### DATASET SECTION
════════════════

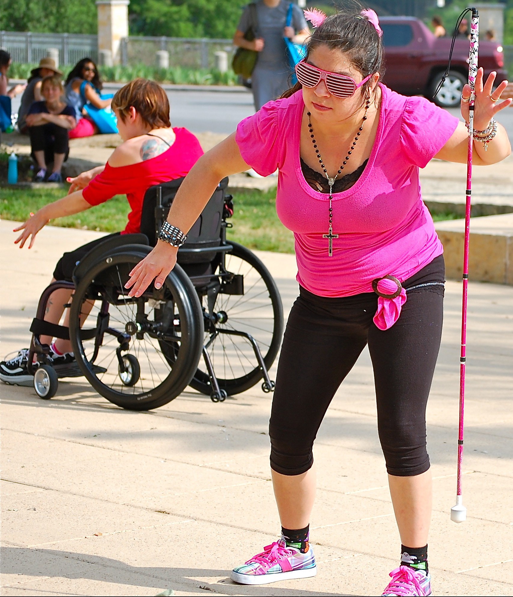 Body Shift dancer Shaniqua Esparza, foreground, and Tanya Winters perform during the April 2014 Crippin’ the Streets performance in downtown Austin.
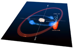 - 銀河中心核の周りの主要な2種類の楕円軌道に沿って運動する2つの巨大分子雲に、銀河円盤に対して垂直な磁力線の束が挟まれる。
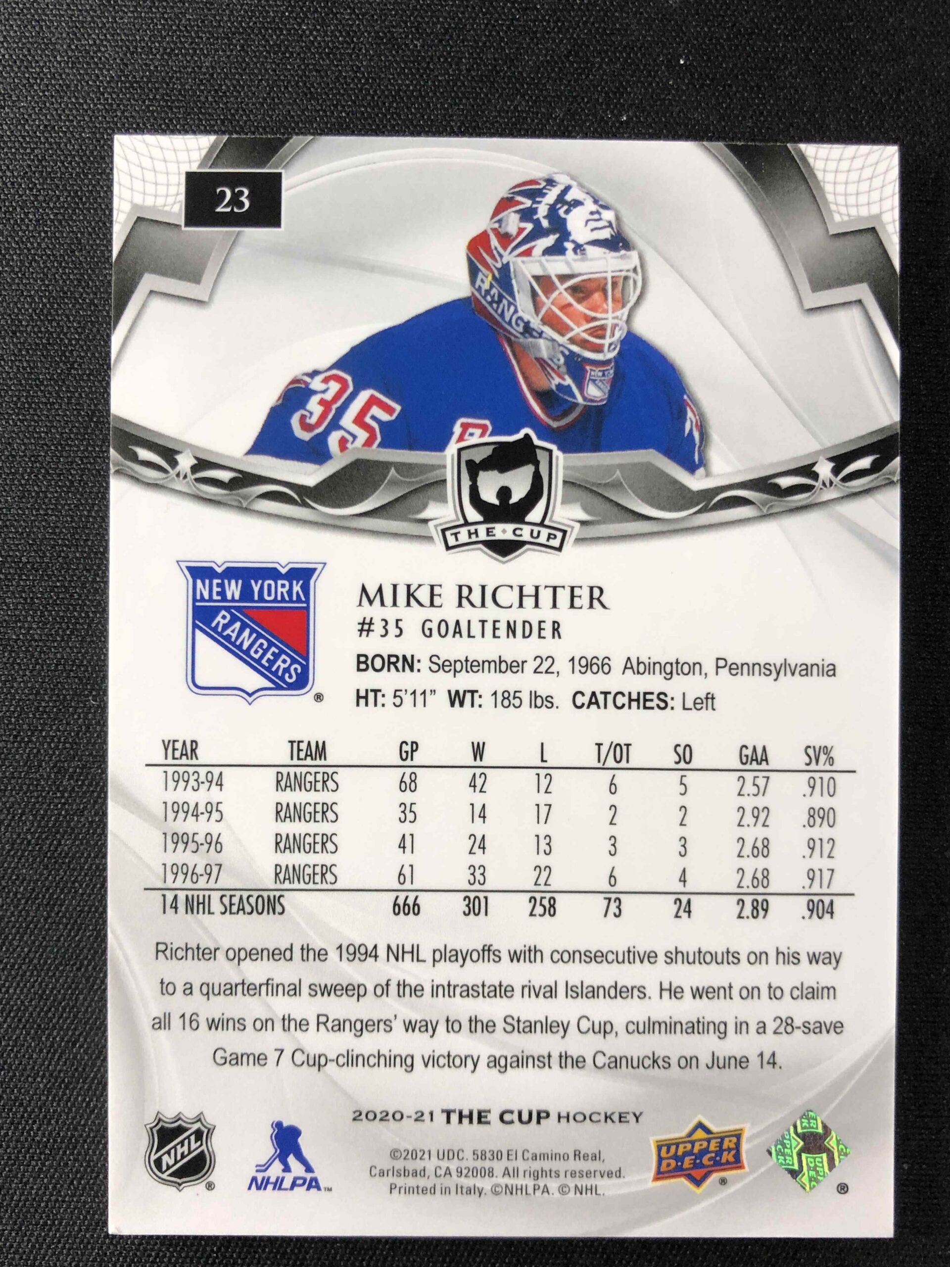 Sběratelská karta 2020/2021 Upper Deck The Cup Base 23 Mike Richter 225/249

════════════════

### EXERCISE DESCRIPTION
Repeat all the material exactly, but keep pictures out of the copy.

### EXERCISE ANSWER
 Body Shift dancer Shaniqua Esparza, foreground, and Tanya Winters perform during the April 2014 Crippin’ the Streets performance in downtown Austin.
 - 銀河中心核の周りの主要な2種類の楕円軌道に沿って運動する2つの巨大分子雲に、銀河円盤に対して垂直な磁力線の束が挟まれる。
 Sběratelská karta 2020/2021 Upper Deck The Cup Base 23 Mike Richter 225/249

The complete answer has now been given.